**Instructions to follow:**
Transcribe word for word the lines below from the line with "Více než 20" through the line with "Blend the sauce", ends included.

**Material provided:**
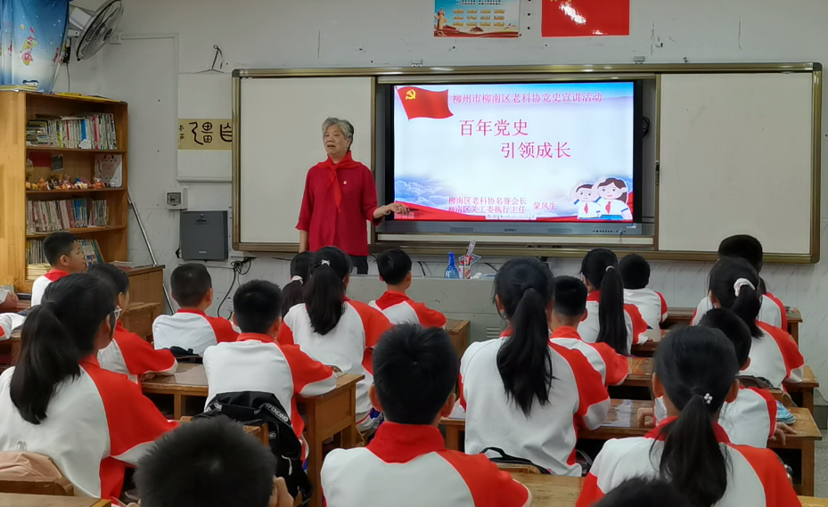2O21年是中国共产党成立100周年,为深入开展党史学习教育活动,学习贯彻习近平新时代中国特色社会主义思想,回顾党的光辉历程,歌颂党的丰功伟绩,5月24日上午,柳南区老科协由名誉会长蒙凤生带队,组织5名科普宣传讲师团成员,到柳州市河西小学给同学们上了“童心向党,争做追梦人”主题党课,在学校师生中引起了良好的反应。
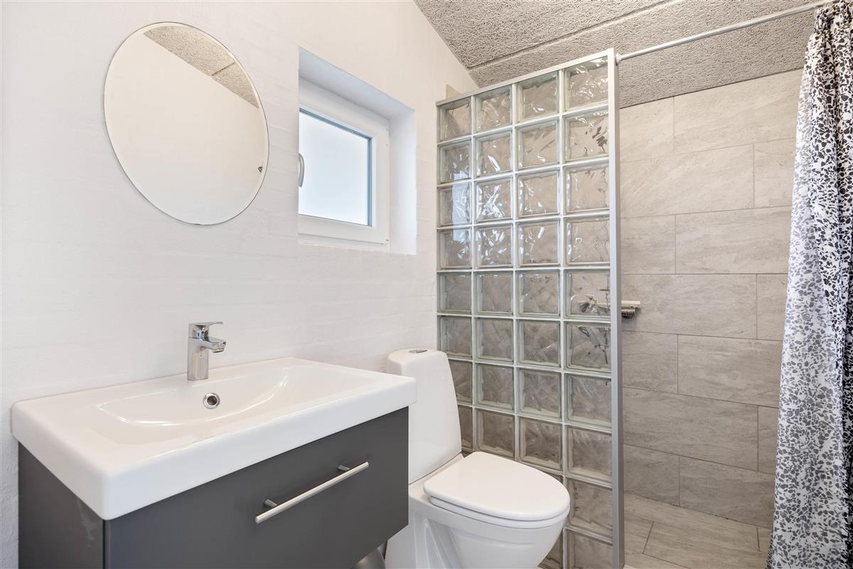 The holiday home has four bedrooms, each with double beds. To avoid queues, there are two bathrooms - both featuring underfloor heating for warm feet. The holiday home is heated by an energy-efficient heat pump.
---
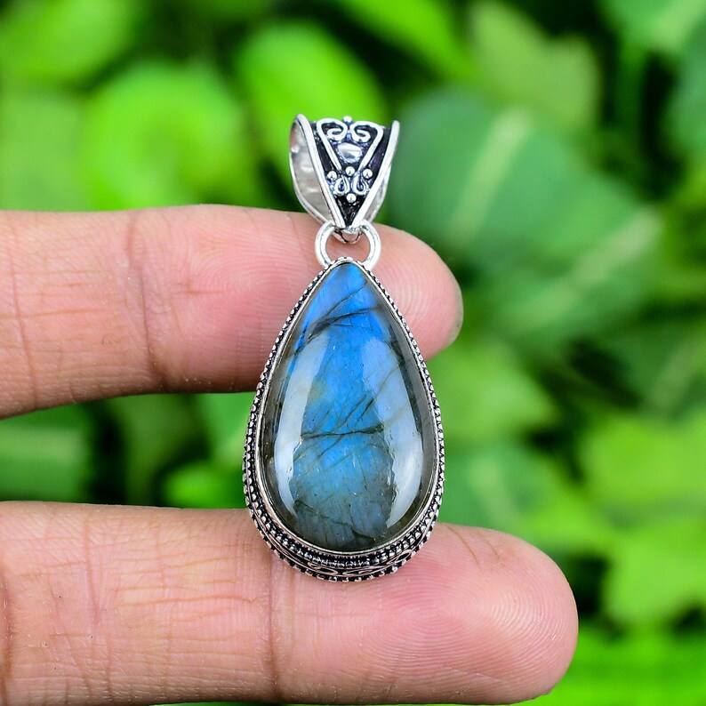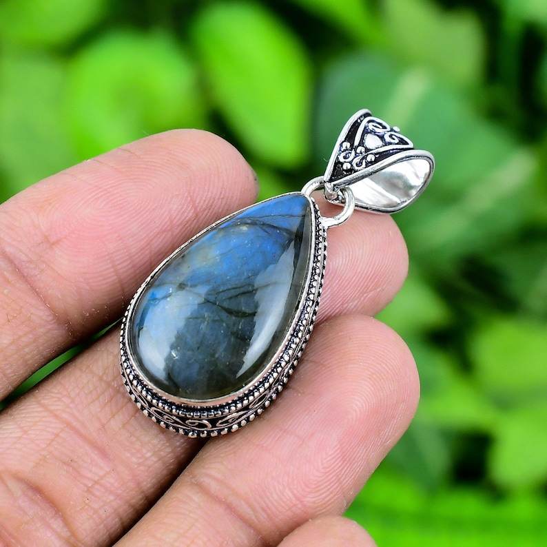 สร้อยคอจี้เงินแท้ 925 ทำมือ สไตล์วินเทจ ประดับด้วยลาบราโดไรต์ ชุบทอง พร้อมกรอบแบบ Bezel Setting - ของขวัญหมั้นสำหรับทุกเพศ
* * *
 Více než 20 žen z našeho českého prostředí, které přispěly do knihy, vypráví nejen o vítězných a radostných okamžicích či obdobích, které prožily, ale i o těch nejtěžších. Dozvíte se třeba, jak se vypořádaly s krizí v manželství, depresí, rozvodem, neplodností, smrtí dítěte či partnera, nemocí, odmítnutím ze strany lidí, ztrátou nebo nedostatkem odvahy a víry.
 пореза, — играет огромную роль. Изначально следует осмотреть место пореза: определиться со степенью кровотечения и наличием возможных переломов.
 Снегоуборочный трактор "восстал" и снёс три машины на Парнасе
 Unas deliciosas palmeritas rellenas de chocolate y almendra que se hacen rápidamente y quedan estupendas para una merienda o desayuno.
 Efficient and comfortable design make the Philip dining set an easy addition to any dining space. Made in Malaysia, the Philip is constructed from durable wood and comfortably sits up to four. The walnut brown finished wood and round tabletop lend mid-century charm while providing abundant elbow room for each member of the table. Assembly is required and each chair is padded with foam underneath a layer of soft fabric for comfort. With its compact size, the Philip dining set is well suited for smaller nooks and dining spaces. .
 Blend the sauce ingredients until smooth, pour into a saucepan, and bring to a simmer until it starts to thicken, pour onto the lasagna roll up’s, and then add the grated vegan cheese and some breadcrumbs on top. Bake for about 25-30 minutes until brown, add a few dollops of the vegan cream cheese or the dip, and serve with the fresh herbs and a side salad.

**Finished exercise:**
 Více než 20 žen z našeho českého prostředí, které přispěly do knihy, vypráví nejen o vítězných a radostných okamžicích či obdobích, které prožily, ale i o těch nejtěžších. Dozvíte se třeba, jak se vypořádaly s krizí v manželství, depresí, rozvodem, neplodností, smrtí dítěte či partnera, nemocí, odmítnutím ze strany lidí, ztrátou nebo nedostatkem odvahy a víry.
 пореза, — играет огромную роль. Изначально следует осмотреть место пореза: определиться со степенью кровотечения и наличием возможных переломов.
 Снегоуборочный трактор "восстал" и снёс три машины на Парнасе
 Unas deliciosas palmeritas rellenas de chocolate y almendra que se hacen rápidamente y quedan estupendas para una merienda o desayuno.
 Efficient and comfortable design make the Philip dining set an easy addition to any dining space. Made in Malaysia, the Philip is constructed from durable wood and comfortably sits up to four. The walnut brown finished wood and round tabletop lend mid-century charm while providing abundant elbow room for each member of the table. Assembly is required and each chair is padded with foam underneath a layer of soft fabric for comfort. With its compact size, the Philip dining set is well suited for smaller nooks and dining spaces. .
 Blend the sauce ingredients until smooth, pour into a saucepan, and bring to a simmer until it starts to thicken, pour onto the lasagna roll up’s, and then add the grated vegan cheese and some breadcrumbs on top. Bake for about 25-30 minutes until brown, add a few dollops of the vegan cream cheese or the dip, and serve with the fresh herbs and a side salad.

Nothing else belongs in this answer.